The model (including specific model parameters) that you use is a key part of the agent loop. It drives the whole agent’s reasoning logic. One reason the agent could mess up is the model you are using is just not good enough. In order to build reliable agents, you have to have access to all the possible models. LangChain, with its standard model interfaces, supports this - we have over 50 different provider integrations. Model choice is also related to context engineering, in two ways. First, the way you pass the context to the LLM may depend on what LLM you are using. Some model providers are better at JSON, some at XML. The context engineering you do may be specific to the model choice. Second, the right model to use in the agent loop may depend on the context you want to pass it. As an obvious example - some models have different context windows. If the context in an agent builds up, you may want to use one model provider while the context is small, and then once it gets too large for that model’s context window you may want to switch to another model.

Types of context

There are a few different types of context that can be used to construct the context that is ultimately passed to the LLM. Instructions: Base instructions from the developer, commonly referred to as the system prompt. This may be static or dynamic. Tools: What tools the agent has access to. The names and descriptions and arguments of these are just as important as the text in the prompt. Structured output: What format the agent should respond in. The name and description and arguments of these are just as important as the text in the prompt. Session context: We also call this “short term memory” in the docs. In the context of a conversation, this is most easily thought of the list of messages that make up the conversation. But there can often be other, more structured information that you may want the agent to access or update throughout the session. The agent can read and write this context. This context is often put directly into the context that is passed to the LLM. Examples include: messages, files. Long term memory: This is information that should persist across sessions (conversations). Examples include: extracted preferences Runtime configuration context: This is context that is not the “state” or “memory” of the agent, but rather configuration for a given agent run. This is not modified by the agent, and typically isn’t passed into the LLM, but is used to guide the agent’s behavior or look up other context.

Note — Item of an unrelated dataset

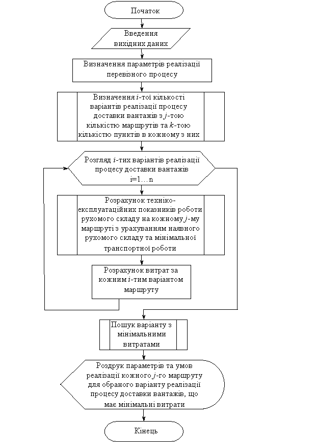 засобів різної вантажопідйомності); кількість проміжних пунктів (k), в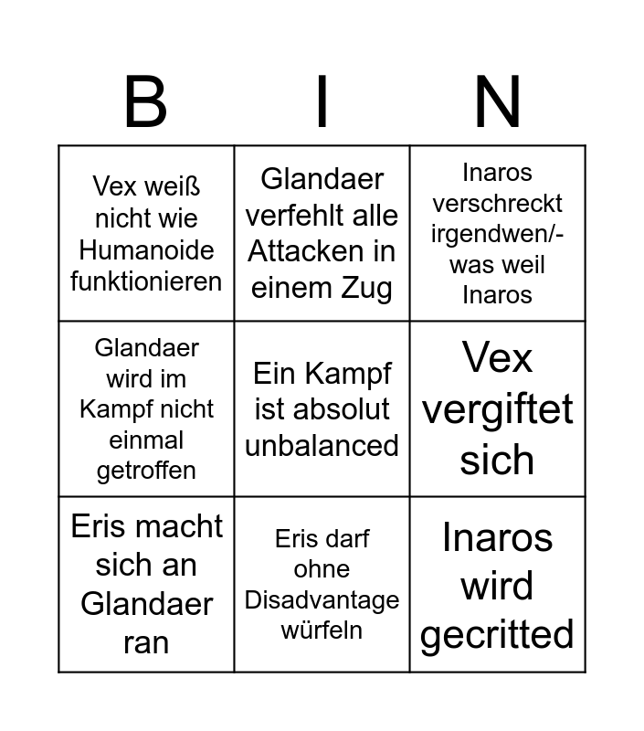 This bingo card has a free space and 8 words: Vex vergiftet sich, Inaros verschreckt irgendwen/-was weil Inaros, Glandaer verfehlt alle Attacken in einem Zug, Eris macht sich an Glandaer ran, Vex weiß nicht wie Humanoide funktionieren, Inaros wird gecritted, Glandaer wird im Kampf nicht einmal getroffen and Eris darf ohne Disadvantage würfeln.

Examples include: user ID, DB connections

Context engineering with LangChain

Now we understand the basic agent loop, the importance of the model you use, and the different types of context that exist. Let’s explore the concrete patterns LangChain provides for context engineering.

Managing instructions (system prompts)

Static instructions

For fixed instructions that don’t change, use the system_prompt parameter:
from langchain.agents import create_agent

agent = create_agent(
    model="openai:gpt-4o",
    tools=[...],
    system_prompt="You are a customer support agent. Be helpful, concise, and professional."
)

Dynamic instructions

For instructions that depend on context (user profile, preferences, session data), use the @dynamic_prompt middleware:
from dataclasses import dataclass
from langchain.agents import create_agent
from langchain.agents.middleware import dynamic_prompt, ModelRequest

@dataclass
class Context:
    user_id: str

@dynamic_prompt
def personalized_prompt(request: ModelRequest) -> str:
    # Access runtime context
    user_id = request.runtime.context.user_id

    # Look up user preferences from long-term memory
    store = request.runtime.store
    user_prefs = store.get(("users",), user_id)

    # Access session state
    message_count = len(request.state["messages"])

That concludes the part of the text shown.